In her moving essay on Maya Lin’s Vietnam Veteran’s Memorial, revisiting the reflective qualities of its iconic black granite planes, art historian Anne Wagner writes, “It is this coming together of life and death in a single optical moment that may be what is most powerful about this memorial.”1 Walking away from STORIES I spilled out onto queer life again—the sounds and sights, beats and bodies, of queer nightlife beckoning me. Seeing drag queens just ahead of me and hearing RuPaul’s Drag Race booming from the bars and clubs got me thinking about that optical moment.

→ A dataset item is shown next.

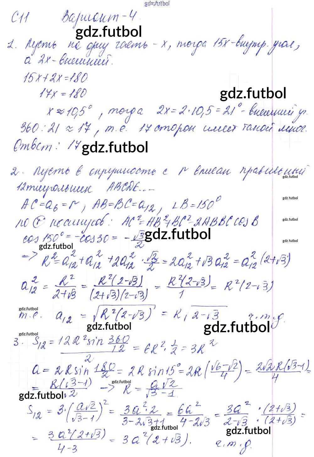 Готовые домашние задания по Геометрии за 9 класс Журавлев Контрольные и самостоятельные работы УМК 2016 ФГОС - СР-11. Варианты 4

On Santa Monica Boulevard, I walked by a cluster of tables with informational materials and stickers around safer sex, getting tested for HIV, harm reduction, disposing of needles and mental health. Steps away from a row of ATMs, I asked someone if they were out here every Friday evening. They replied that they wished they could be, suggesting that even in West Hollywood local businesses aren’t especially keen to have messages about harm reduction killing the mood. Encountering these grassroots legacies of AIDS activisms and queer care work, it was hard not to see the cliché life goes on announcing itself on an invisible neon marquee. STORIES: The AIDS Monument gifts greater Los Angeles one way to acknowledge an impossible period of loss and a parallel history of coalition. Transformed visitors, our task is to continue communing and coalescing. What stories will we build and tell then?